I leaned up against the bed post and nestled in to reading position as I flipped the old, typed pages of a faded blue folder. These were weighty words - letters to my grandmother from friends and family shortly before she died. Some sent stories of college excursions and others talked about her hospitality. Nearly every entry spoke of her generosity and strong spirit. Many didn't say it just like this, but when people looked at my grandma, they saw Jesus. I didn't mind getting weepy as I read about her nickname "Tillie the Toiler" in college and about her effortless way of putting others first. But it was toward the end of the simple, typed pages that my eye fell on an entry from my dad. At the top it read, "From Dick and Cindy Nichols, third child and his wife." Though I'd been reading similar titles designating relationship to Grandma, this one shifted something inside and made her closer - more kindred.
I re-read the entry several times and my eyes fell on this sentence halfway through the last paragraph,
"I'm convinced that to live life to the fullest you must be able to face death confidently and with eternal assurance."

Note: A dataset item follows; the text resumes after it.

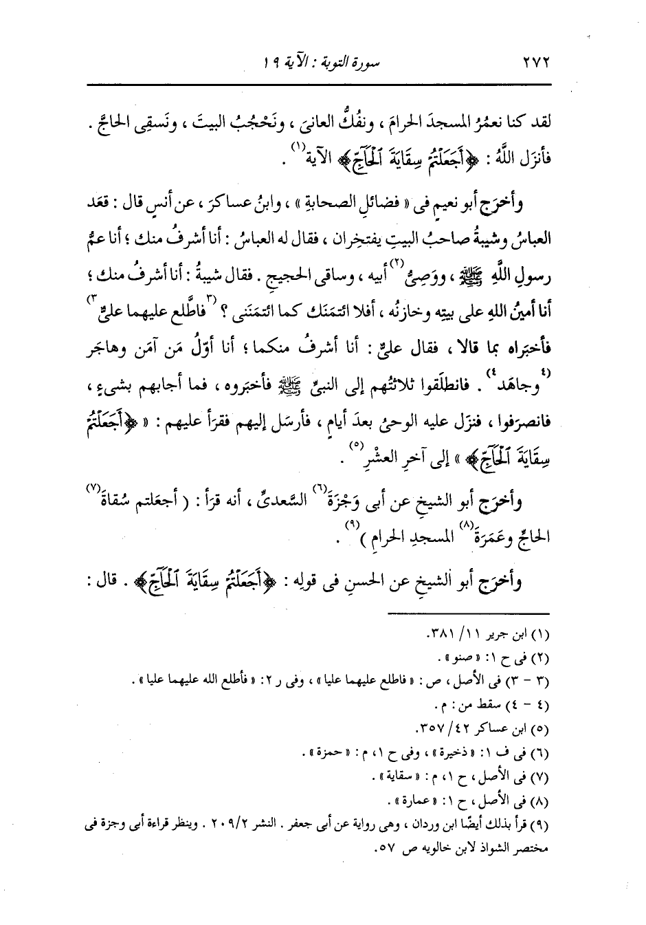 وأخرج ابن جرير عن محمد بن كعب القرظي رضي الله عنه قال : افتخر طلحة بن شيبة والعباس وعلي بن أبي طالب فقال طلحة : أنا صاحب البيت معي مفتاحه ، وقال العباس رضي الله عنه : أنا صاحب السقاية والقائم عليها : فقال علي رضي الله عنه : ما أدري ما تقولون : لقد صليت إلى القبلة قبل الناس وأنا صاحب الجهاد فأنزل الله {أجعلتم سقاية الحاج} الآية كلها.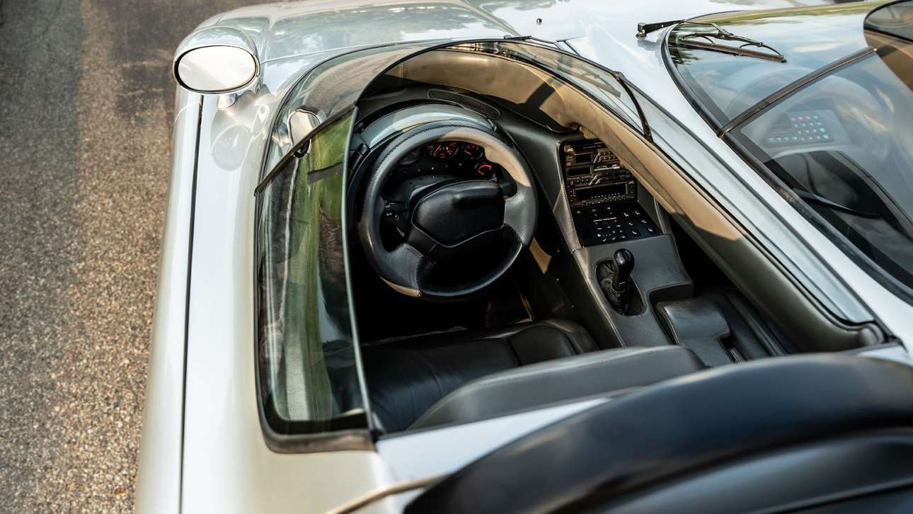 Από κοντά το Aztec Barchetta έδειχνε ακόμα πιο φουτουριστικό απ’ ό,τι βλέπετε στις φωτό. Δύο γυάλινες κάψουλες που ανασηκώνονται προς τα επάνω, παραπέμποντας σε «φτερά γλάρου», διαχωριστικό μεταξύ των επιβατών σαν σε μαχητικό κόκπιτ, μια καμπίνα προσανατολισμένη στη γνωστή εμμονή του μεγάλου σχεδιαστή με την εργονομία, μία κεντρική οθόνη στην κάθετη κονσόλα με το άγνωστο, τότε, σύστημα πλοήγησης και κάτι περίεργες θυρίδες στο πλάι. Το Aztec Barchetta -σε ελεύθερη μετάφραση η «βαρκούλα των Αζτέκων»- έλαμπε σε αυτό το techno-silver. Ήταν όντως από άλλο πλανήτη.

Part of me felt my own convictions fall freshly into step with my dad's, though I hadn't ever heard him phrase it that way. I was seven when my grandma passed away, so my eyes were still inward and unable to see my dad's pain and healing as he watched his mom wither and fade. But here, in these words, I found something beautiful like blooming Spring.
Though my flesh will fight it, my heart as a single woman is to serve the Lord and nothing else - but not as a regrettable sentence. I know with certainty both my supreme joy and greatest delight lie in this one passion. With eyes fixed on eternity, every moment of life has potential to be filled to abundance because Christ has overcome. This is all there is and somehow Grandma was able to keep it simple. With eternity figured out, she set about doing everything she could to bring the Kingdom to earth for those around her, knowing her reward was already stored up in forever communion with her Savior.
My dad shared a story about a pastor visiting Grandma in the hospital and saying, "It would be normal for you to ask God, 'Why me?'" Grandma answered (predictably, according to my dad), "I have never asked God why - I never ask God why."
When everyone expected her to cave... when everyone would readily excuse her for having little faith and a tired heart, Grandma kept her gaze steady on Jesus, the Author and Perfector of her faith. Jesus, who for the joy set before Him endured the cross, scorning its shame and sat down at the right hand of God. With this kind of vision, Grandma understood that joy was possible to the very end, even when others expected her to run out. Christ filled her to overflowing every day she endured the painful decay of a mortal body. She knew she would sit down with her Savior soon and it gave her great joy to use every earthly moment sharing this blessed hope.
I'm not sure if it's true, but my dad wrote,
"I don't think you ever thought about death much; because of your faith there was never a need."
She may not have thought about death much - the physical act of it with all the human details and baggage - but I know Grandma thought a lot about eternity. Her faith was not about escaping death. Her faith was about living.
She believed every moment could be lived abundantly on this side of heaven, spilling over into the lives of every person you touch. She believed death was not the end, but the beginning of a life where her faith would be made sight and she would sit joyfully with Jesus.
These old, typed words on yellowed pages introduced me again to this woman and again to her Savior. Oh, that I would live with this kind of faith.